As you saw last week, I don’t have many worms in my garden at present. I also don’t think I have many in my compost heap. Not enough for a really healthy biome, anyway.
Wiggly Worms
There is an online business i the UK called Wiggly Wigglers. They started out sourcing and selling wormeries: dedicated stacked containers for worms to compost kitchen waste and turn it into humous and liquid. They diversified into bird seed, wild plants at one stage, and UK-grown flowers. The latter business has struck out as a sister brand, the Great British Florist (Grown not Flown) and I may have posted a photo or two of my flowers that I get monthly from them.
But worms and wormeries are still what Wiggly Wigglers do best. Last weekend I had a newsletter offer from them: their worms had enjoyed the weather so much they were now overstocked! So I got half a kilo of worms from them at a very low price. Ordered Sunday arrived Tuesday. These worms are very speedy!
Knowing I was dealing with live animals, I didn’t waste a moment in unpacking them and introducing them to their new home.
I realised later I should have taken a few minutes to sift out the earth they had arrived with – not added to help them on the journey, but produced as they travelled!
But I tipped them all into the compost heap, and covered them over a little to help them settle in quickly.
What will they eat?
By now they’ve probably dispersed to the far corners of the bin, munching on grass and hedge clippings, weeds, toilet roll insides, guinea pig waste, tea bags, a rare unwanted lettuce leaf or banana skin, and a few things I’ve added recently in composting experiments:
- ‘home compostable plastic’ wrappings – do they work?
- Bless your cotton socks (and wool ones). Single holey socks I thought deserved another use. How long do they take to reduce to some strands of elastic?
My felt childhood soft toys disappeared really quickly when I composted them at my old home last year.
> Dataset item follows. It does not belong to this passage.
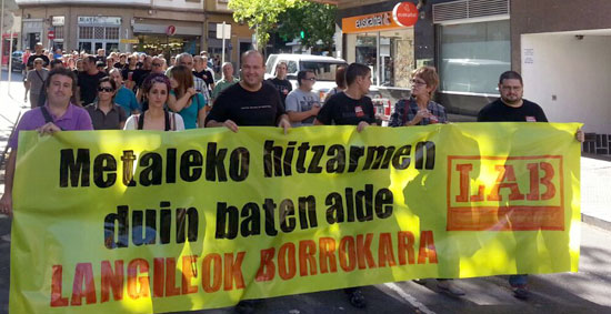 Metaleko patronalaren inposaketa jarrera hau ezin uler daiteke ELA, CCOO eta UGT sindikatuei jarrerari so egin gabe, beste aldera begiratzen dutela, herrialdeko hitzarmen baten alde borrokatu beharrean. Beste sektore batzuetan sindikatu ezberdinen arteko mobilizazioen bitartez posible denean herrialdeko hitzarmenak sinatzea, lan erreformari atea ixten dioten klausulekin, zergatik ez da metalean posible?
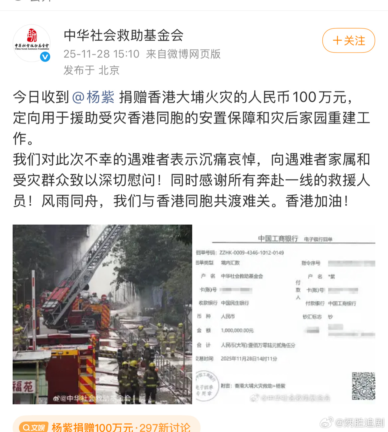 杨紫向香港大埔火灾的人民币100万元杨紫捐赠100万元

I don’t suppose my lovely new worms will take long converting these things to nice soil for my new veggie beds!
Wild about Worms is today’s #30DaysWild offering. If you’ve any composting questions, feel free to ask. I used to be a Norfolk Master Composter!
Can you get worms to put in the garden rather than the compost? My garden seems to have a scarcity of worms this year and I’ve hardly seen any when digging or turning over soil.
If you’ve had the same hot dry weather we’ve had, they may just have gone deeper, to moister soil. But have a look at the Wiggly pages via the links. The tiger and red worms are composters, I think it’s the dendra species that is the regular garden earthworm.